Tuesday, March 22, 2005

Ora pro nobis...

And pray to God to have mercy upon us
And I pray that I may forget
These matters that with myself I too much discuss
Too much explain
Because I do not hope to turn again
Let these words answer
For what is done, not to be done again
May the judgment not be too heavy upon us

Because these wings are no longer wings to fly
But merely vans to beat the air
The air which is now thoroughly small and dry
Smaller and dryer than the will
Teach us to care and not to care
Teach us to sit still.

Pray for us sinners now and at the hour of our death
Pray for us now and at the hour of our death.
- T.S. Eliot, Ash Wednesday, I

It's a dark hour for our great nation. We've made our bed. We've established a system that should live and change with the needs of the times. If our consitution is intended to evolve, then it might also mutate; if it is to be alive, then it has a lifespan. It's the American Justice system that's on life-support - not Terri Schiavo.

The ACLU praised the judge's decision to let the woman starve to death. The decision was praised for "allowing people to make their own end-of-life decisions without the intrusion of politicians." I think it just to note that there've been plenty of political intrusions from both sides on this matter. Jeanetta insightfully quipped that Ted Kennedy practicaly "came out and offer[ed] to buy her a ticket to Chappaquiddick."

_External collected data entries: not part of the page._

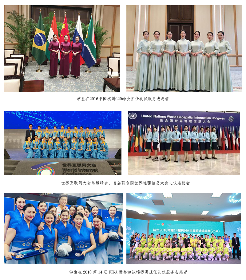 空中乘务专业学生承担G20峰会、世界互联网大会乌镇峰会、联合国世界地理信息大会、世界游泳锦标赛、浙江省两会、党代会等全国及省市重大活动礼仪服务志愿者工作,向社会展示了良好的专业形象和综合素质。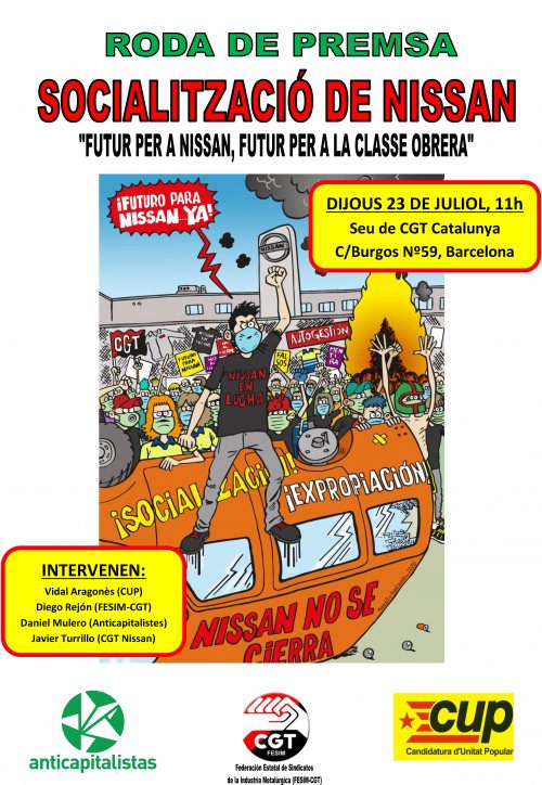 Davant l’immobilisme de les institucions per donar una solució a les milers d'afectades i afectats per l'anunci de tancament de Nissan; Anticapitalistes, CGT i CUP, convoquen als mitjans i periodistes per presentar i informar sobre el projecte de socialització i transformació de les plantes de la multinacional japonesa a Catalunya. Amb propostes per mantenir l'ocupació, la sobirania industrial i sota criteris de transició ecològica, que aquestes organitzacions han elaborat en les darreres setmanes.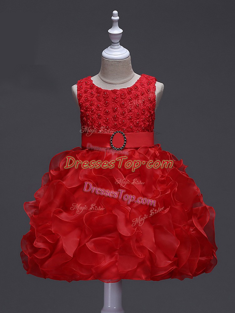 Red Little Girl Pageant Dress Wedding Party with Ruffles and Belt Scoop Sleeveless Lace Up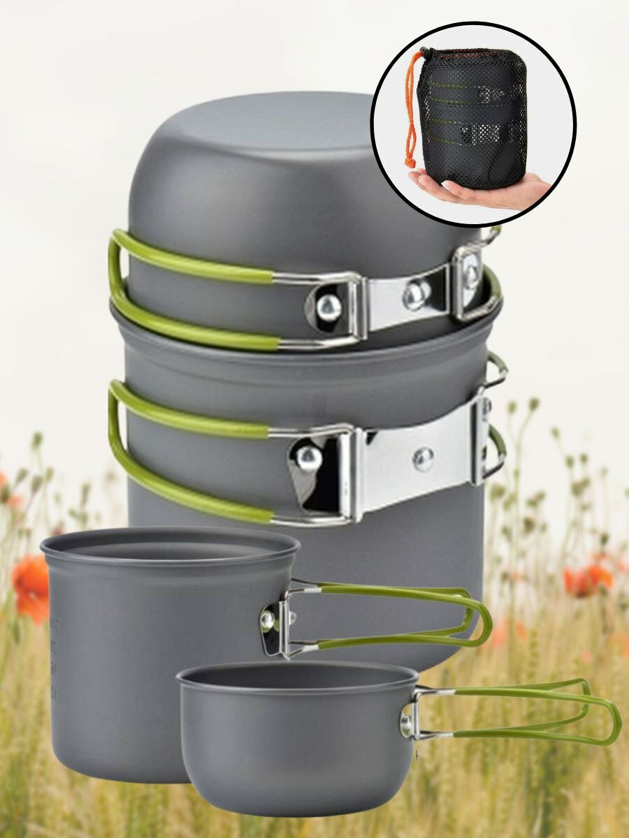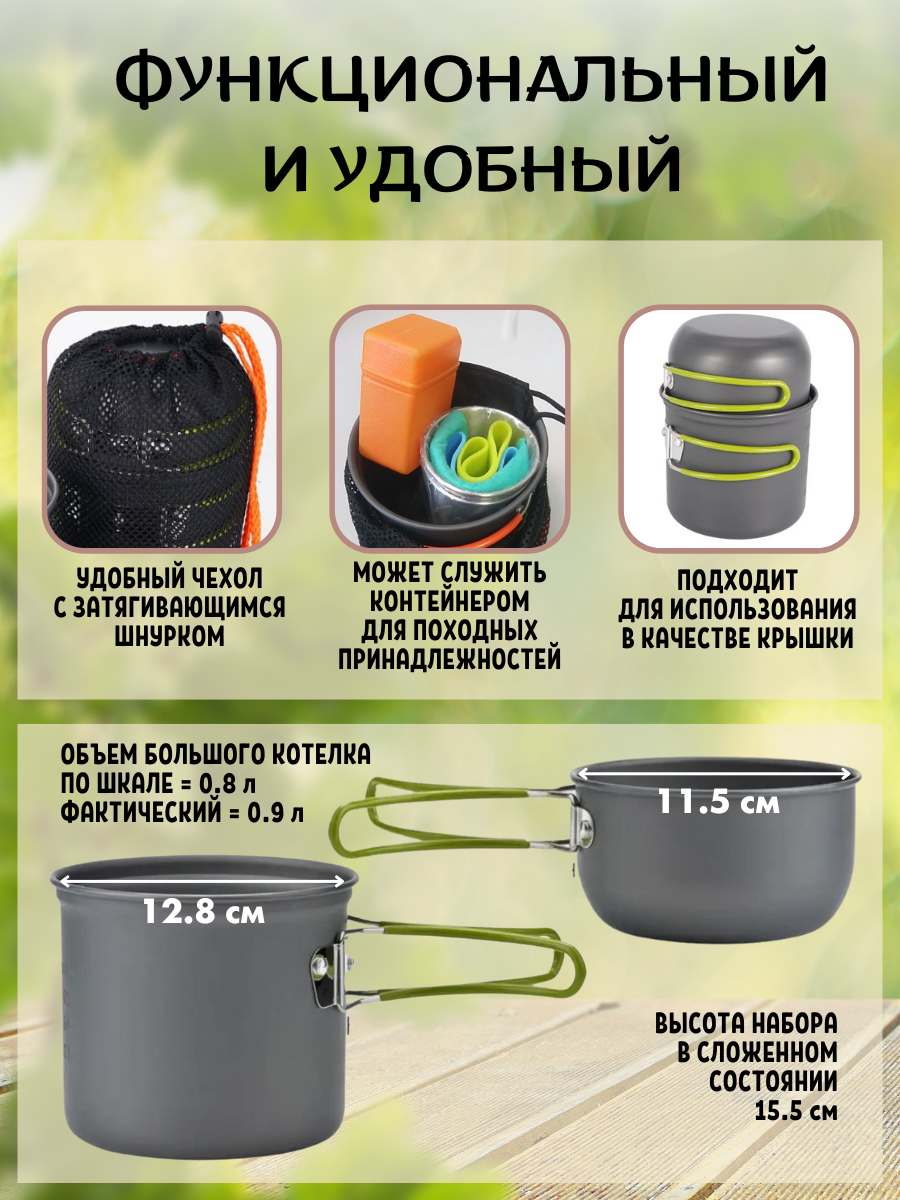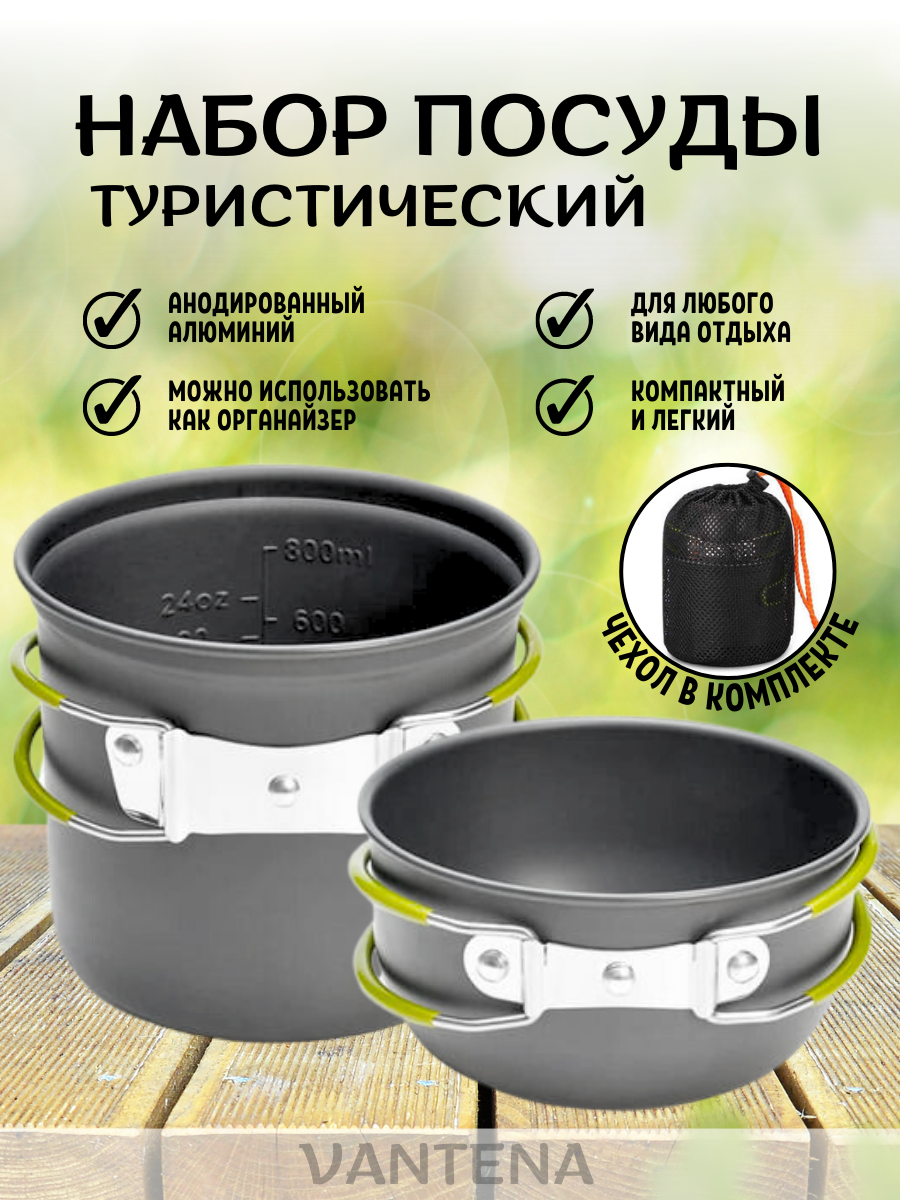 Набор походных котелков Vantena, алюминий, с чехлом, 0,8 и 0,35 л, складной интересное: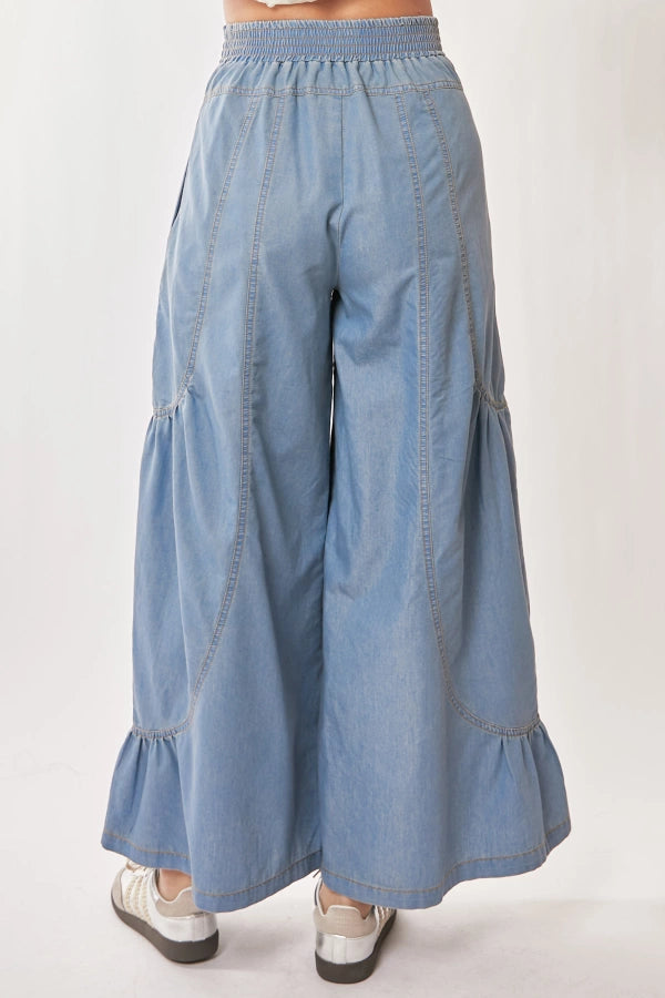 Discover our tiered wide leg denim pants, designed with a flattering high waist and flowing silhouette that combines comfort with style. Featuring gathered seams and subtle flared hems, these versatile bottoms bring an effortless charm to everyday wear.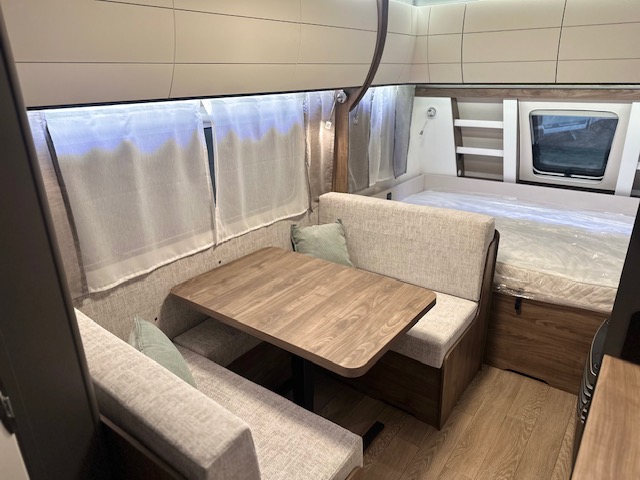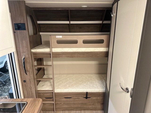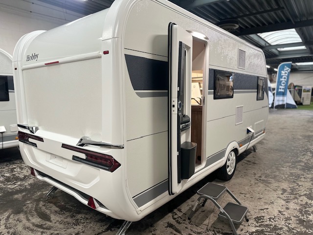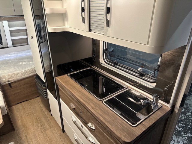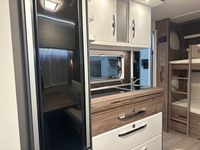 Ook de luxe uitgeruste keuken bevindt zich centraal in dit model. De keuken is voorzien van een spoelbak een mengkraan een 3 pits kooktoestel en een koelkast in een hoge uitvoering, handig en overzichtelijk. Ruime lades, met softclose, waardoor u makkelijk bij al uw spulletjes kunt. En kijk eens naar de opbergruimte aan de bovenzijde van de keuken, daar kan veel in. De warmwatervoorziening loopt via de ingebouwde boiler. Achter in de caravan is het stapelbed over dwars geplaatst. Als het onderste bed opgeklapt is kan dit dienen als speelruimte voor de kinderen. Daarnaast de toiletruimte met interne wasgelegenheid. Een grote hoeveelheid bergruimte is ideaal. De ingebouwde stabilisator koppeling zorgt voor een stabiele wegligging. Het grote dakluik van de caravan zorgt voor extra veel lichtinval en een goede ventilatie. Het luchtcirculatiesysteem zorgt daarbij voor een goede verdeling van de verwarmde lucht. De caravan beschikt over talrijke lichtelementen die zorgen voor een unieke atmosfeer.De prachtige hobby wieldoppen staan er fantastisch bij. De verzwaarde uitdraaisteunen geven de caravan extra stabiliteit.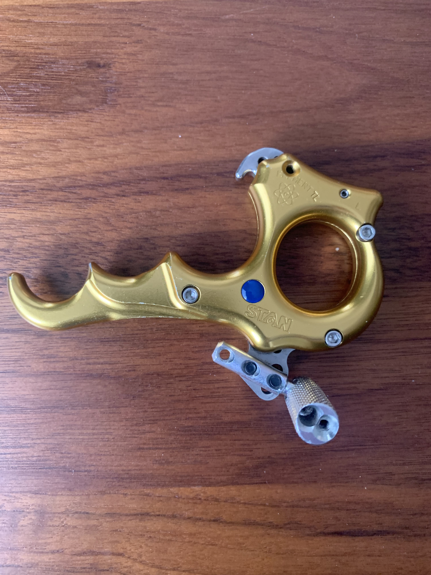 This listing is for a Stan Element TL in gold finish, size L. The Element TL is a resistance release aid. This one is in very good condition, just too big for me.

The CNN news-ticker described Terri as a woman on life-support with no hope of recovery. What does CNN know about hope anyway? And how does a feeding tube attached 3 times a day for mealtimes qualify as life-support? I know a girl who has a digestive disorder and consequently needs to be fed via a feeding tube. Otherwise, she's a happy and normal 10-year-old. "No hope..." To take CNN's dualistic, quasi-gnostic perspective on life, an infant just concieved has "no hope of recovery." In our culture, "hope" is quantified and qualified by the number of figures before the decimal in your pay-check, and whether or not you'll be able to make it to the doc's for your weekly Botox injection amidst a busy schedule of TV-watching, bar-hopping and fornicating - while you're not at work, of course, stuck inside a dehumanizing cubicle searching for the right binary digits to codify the meaning of life.

All there is left to do is pray. But I'd just like the half-eaten gingerbread men that constitute this culture of death if I was despondant or embittered by this fact. So all there is left to do is pray - so what? That's the best thing we can ever do anyway. Yeah, I'm fired up - yeah, I'm pissed off. Yeah, I feel futile in finding the right works to match my faith in this matter. But I'll be hitting my knees hard this week and praying for forgiveness for the foolish bastards that are perpetrating this crime. And, grafted onto the body of Christ and sharing in His cross, I know I can be stronger than the whole ACLU and Ted Kennedy and Mike Schiavo will ever be. This fight ain't over... but it is already won.
Who else is it who calls us back from the death of error, except the life that does not know death, and the wisdom which, needing no light, enlightens minds which are in darkness, that wisdom by which the whole world, even to the leaves of trees drifting in the wind, is governed?